▸ Work to be completed
Go to the line with "about themselves. |" in the material below and copy from there through the line with "1、收录超50架不同类型喷气", exactly. Pictures are not copied.

--- START ---

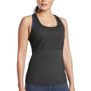 Athleta L Womens Black Vitality Rib Tank Racer Back Gym Running Active
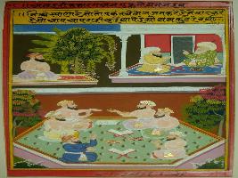 | Description / विवरण | Miniature painting depicting Mullah-do-Piyaja telling Akbar about six men who are sitting and reading holy books but in between they are boasting about themselves. |
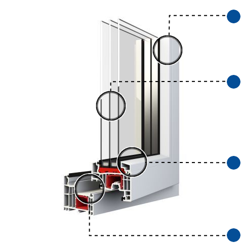 6-Kammersystem mit einer Bautiefe von 92 mm und großer Verstärkungskammer.
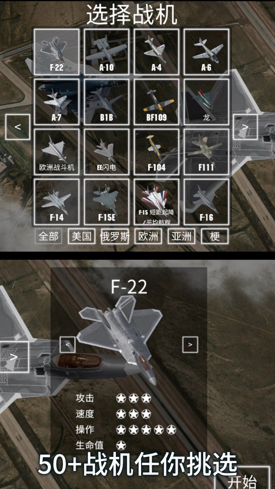 1、收录超50架不同类型喷气式战机,涵盖美、俄、欧、亚多地区机型,满足玩家对战机的多样化选择需求。
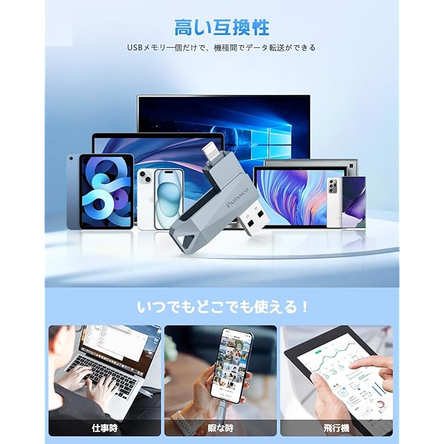 【高い互換性】弊社のUSBメモリはすべてのiOS機種に対応し、タイプCアダプターも付属しておるので、Type-CコネクタのiPhone、iPad、Type-C機種とも互換性があります。対応機種:iPhone 15 Pro Max/15 Pro/15 Plus/15/iPhone 14 Pro Max/14 Pro/14 Plus/14/SE 3/13 Pro Max/13 Pro /13/13 mini /12 Pro Max/12 Pro/12 /SE 2 /11 Pro Max/11 Pro/11 /XR/XS Max/XS /X /8 Plus/8/7 Plus/7/SE 1/6s Plus /6s/6 Plus/6/ iPad Pro(第1/2/3/4/5/6世代)/ iPad Air(第1/2/3/4/5世代)/ MacBook(Pro/Air)/ iPad mini(第1/2/3/4/5世代)/ iPad(第5/6/7/8/9/10世代)/ PC /ノートパソコン/ Type-C機種などと互換性があります。
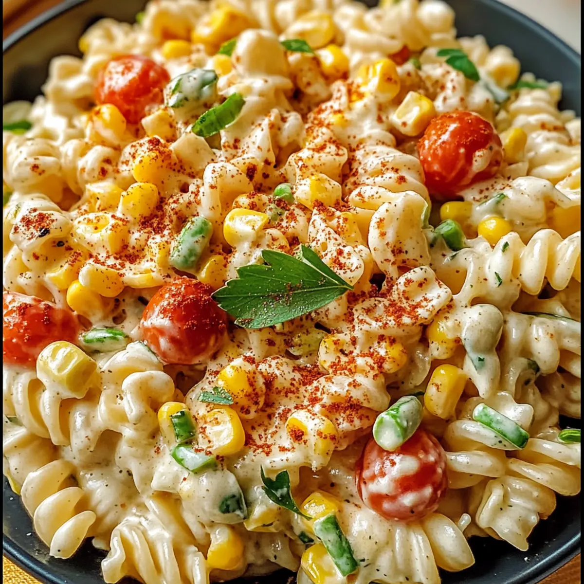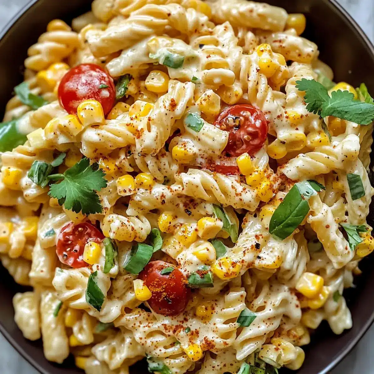 Gesunde Wahl: Dieser cremige Straßenmais-Pasta-Salat ist eine nahrhafte, vegetarische Option, die selbst Kinder begeistert. Deine Gäste werden ihn lieben!
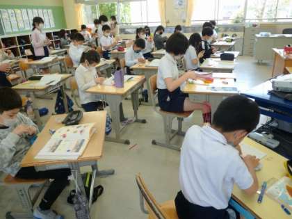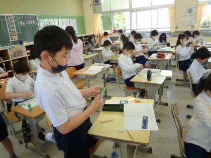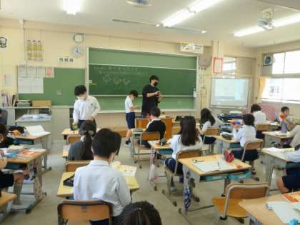 4年生の算数の授業で、角度の勉強をするために、折り紙で蛇腹を作りました。広げてみて、1周回ると何度でしょう。みんなで考えましょう。

--- END ---

▸ Response
 | Description / विवरण | Miniature painting depicting Mullah-do-Piyaja telling Akbar about six men who are sitting and reading holy books but in between they are boasting about themselves. |
 6-Kammersystem mit einer Bautiefe von 92 mm und großer Verstärkungskammer.
 1、收录超50架不同类型喷气式战机,涵盖美、俄、欧、亚多地区机型,满足玩家对战机的多样化选择需求。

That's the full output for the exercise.